Should people triggered by anything, which the candidates may mention, even vote?

Comment Re:This is stupid (Score 1) 325

I'm not speaking of the right answer, I'm speaking of what teachers and councilors are saying to the students (many of the parents as well).

Perhaps they SHOULD be talking to graduating high schoolers about the substantial risks of student loans and the benefits of avoiding them even if it means taking an extra year or two, but they're not.

Submission + - U of Calif. San Diego chancellor is a director of outsoucer hired by UCSF (computerworld.com)

dcblogs writes: The offshore outsourcing planned at the University of California's San Francisco (UCSF) campus is following a standard playbook. The affected employees expect to train their replacements as a condition of severance. Their jobs will soon be in India and they'll be out of work. But the chancellor of the University of California, San Diego (UCSD), Pradeep K. Khosla, may still be getting compensated by HCL Infosystems. It is one of the units of India-based HCL, the IT services contractor hired by the university. Khosla is an independent and non-executive director on the HCL Infosystems board of directors. Khosla has reported his HCL compensation to the university at $12,000 last year for 56 hours of total time served. He also earns $12,000 from Infosys Science Foundation as chair of the engineering and computer science jury, according to the compensation report. When asked if the university's contract with HCL creates a conflict for Khosla, a UCSD spokeswoman,replied: "The contract was negotiated between UCSF and HCL; it did not involve Chancellor Pradeep Khosla in any way, nor was it discussed at any HCL meeting that Chancellor Khosla attended." But the HCL contract can be leveraged by any UC campus. The "HCL agreement is UC-wide," according to notes from the university's system-wide Architecture Committee. "Other CIOs looking at UCSF experience before other folks dip in. Wait for a year before jumping in with HCL." Another issue for the university may be having an association generally with the offshore outsourcing industry, which works at displacing U.S. IT workers, including computer science grads of institutions such as the University of California.

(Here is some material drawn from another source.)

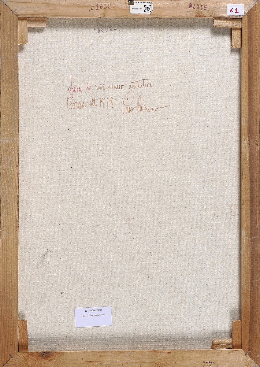 CARUSO PINO (1922 - 1993) Paesaggio con palme. 1972. Olio su tela . Cm 50,00 x 70,00 x 1,50. Firma in basso a destra. Al retro firma per autentica e data.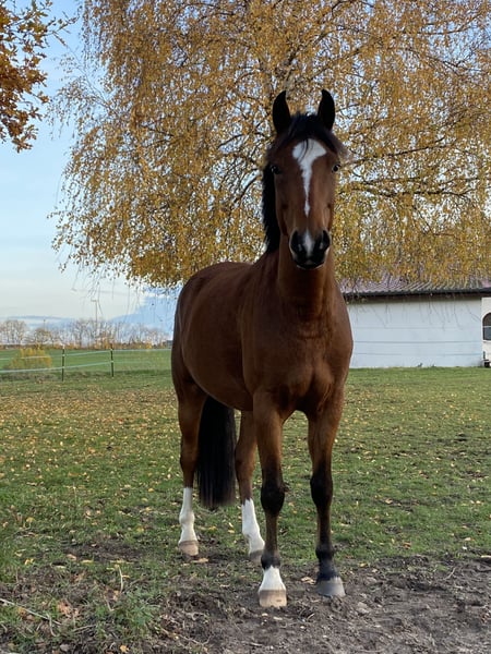 This charming and friendly gelding, who is very attentive to humans, is searching for his forever family. He was gently and playfully backed by us and has been very sweet and calm from day one. He has never taken a wrong step and approaches all new experiences with full enthusiasm. He is very brave and, for his age, confident and relaxed. He is traffic-safe; trucks and large tractors do not disturb him, and he can be ridden independently in all gaits by a 9-year-old girl. An all-around wonderful pony. He has never been ill. A health check (AKU) is not available but can be arranged if desired. Additionally, he has been driven in a pair and has won a free jumping championship. He handles competitions and training with flying colors and is not spooky. He is well-suited for breeding; the rider in the photos is 173 cm tall. He is barefoot and grows in a mixed herd in an open stall, living on grass 24/7 with constant hay, which he tolerates very well. For serious inquiries, please call 015118980354. He is only being sold because I am simply too tall for him to compete in tournaments long-term, and I already have his full-sized brother. He will only be placed in caring and loving hands. Equipment such as saddle and bridle can possibly be purchased together. Based on past experience, we do not send videos, as many only collect footage without checking the distance or realizing they are looking for a large horse and do not read the full ad. Genuine interest is best served by viewing this wonderful pony in person. The pony is still at the beginning of his training but definitely has the potential to become a ribbon collector. His calm demeanor will surely make him shine at any competition. However, if you are looking for a highly trained, show-quality dressage pony at age 3, this is not the right place. His training focuses on healthy riding, emphasizing suppleness, fine contact, and safe, relaxed movement from A to B—more important for children and adults than fancy leg movements. To avoid riding tourism, a fee of 35 euros is charged for show, lunging, and trial riding.

Comment Re:This is stupid (Score 1) 325

Stupid or inexperienced?

Even back when I was about to graduate high school, the message was clear that the next step is definitely to get into a school (any school) and you will be needing a student loan or three. That was a strong message from pretty much any and every "adult influence" in your life. And that was before helicopter parenting and other think of the children measures had removed many of the opportunities a teen might have to operate semi-independently where they would gain some experience that might help them see through the scam.

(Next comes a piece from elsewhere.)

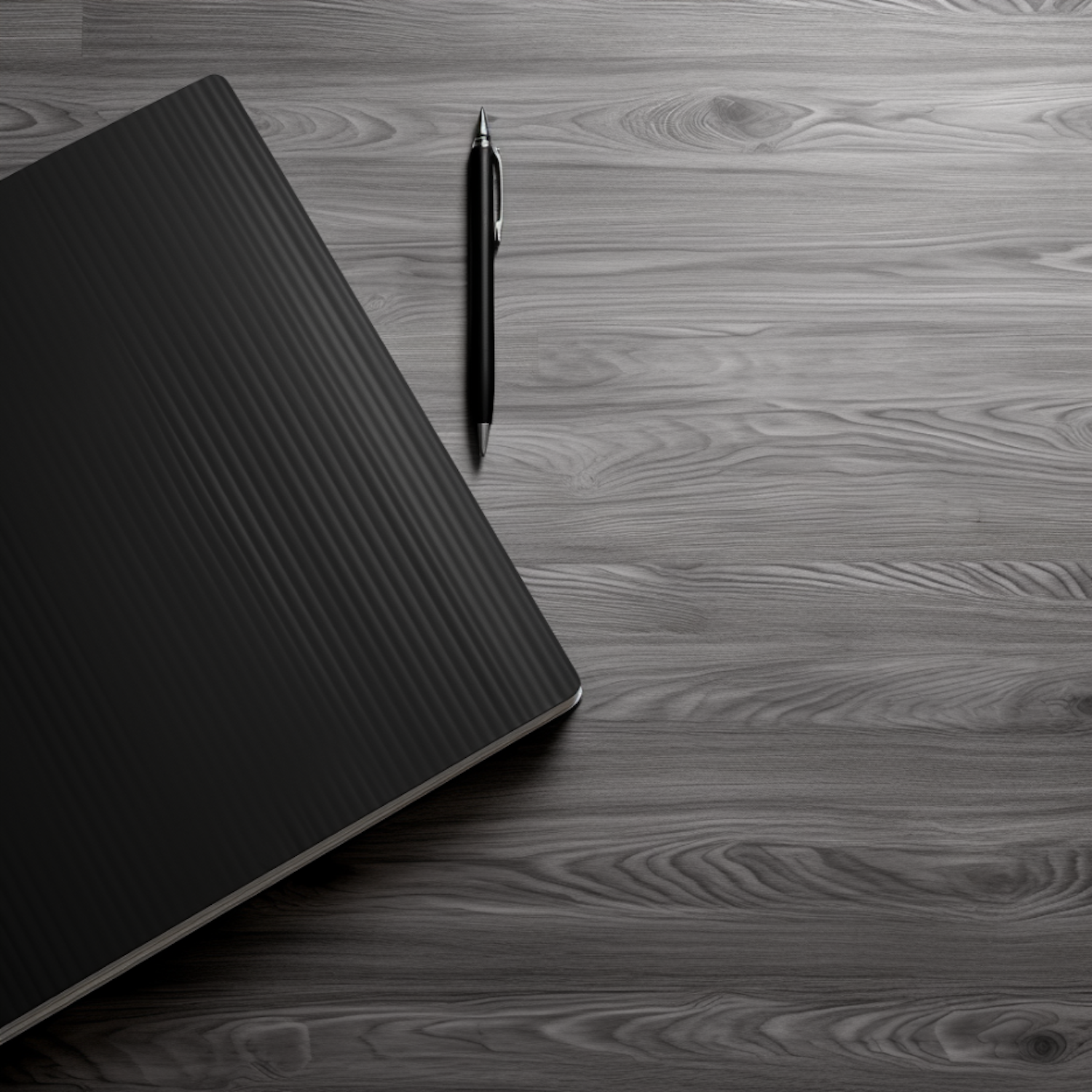 Minimalist scene with a black notebook and pen on a light gray wooden surface, highlighting textures and contrasts.

Comment Re:And Yawn! (Score 1) 17

A properly designed system shouldn't be highly dependent upon any kind of persistence layer, although if you follow the provider's example programs you'll tend to spread dependencies through your code. But a smart designer hides that all away deep down in some kind of abstraction.

A demonstration of exactly how little you are dependent on a vendor is probably a very good thing, if you're a big customer. Oh, we'll run *this* part of our product on the other guy's cloud service and boom. It happens. Shows the vendors who's boss.

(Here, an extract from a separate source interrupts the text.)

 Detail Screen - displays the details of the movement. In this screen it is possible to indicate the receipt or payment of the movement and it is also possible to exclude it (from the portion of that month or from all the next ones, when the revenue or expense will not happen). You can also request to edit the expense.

Comment Re: So basically ... the attack wins? (Score 1) 206

Even a session wouldn't help. Many communications over the net are machine to machine. Also there's the whole solve the CAPTCHA by mechanical Turk (paid for with copied porn).

I wouldn't be surprised if within a year of setting up such a scheme, CAPTCHAs for certain websites would develop a very high failure rate.

How would a search engine spider the web?

Comment Re:So basically ... the attack wins? (Score 1) 206

Sorry, there's really no difference. An attacker can easily appear to be the browser of their choice.

Going to CAPTCHAs that would actually work would be as bad as shutting the routers off and going home. Are you really willing to solve a captcha every time a daemon on your system wants to do a DNS lookup of check in with a time server? Besides, they can actually be solved by putting up a porn site (solve the captcha, see the next image).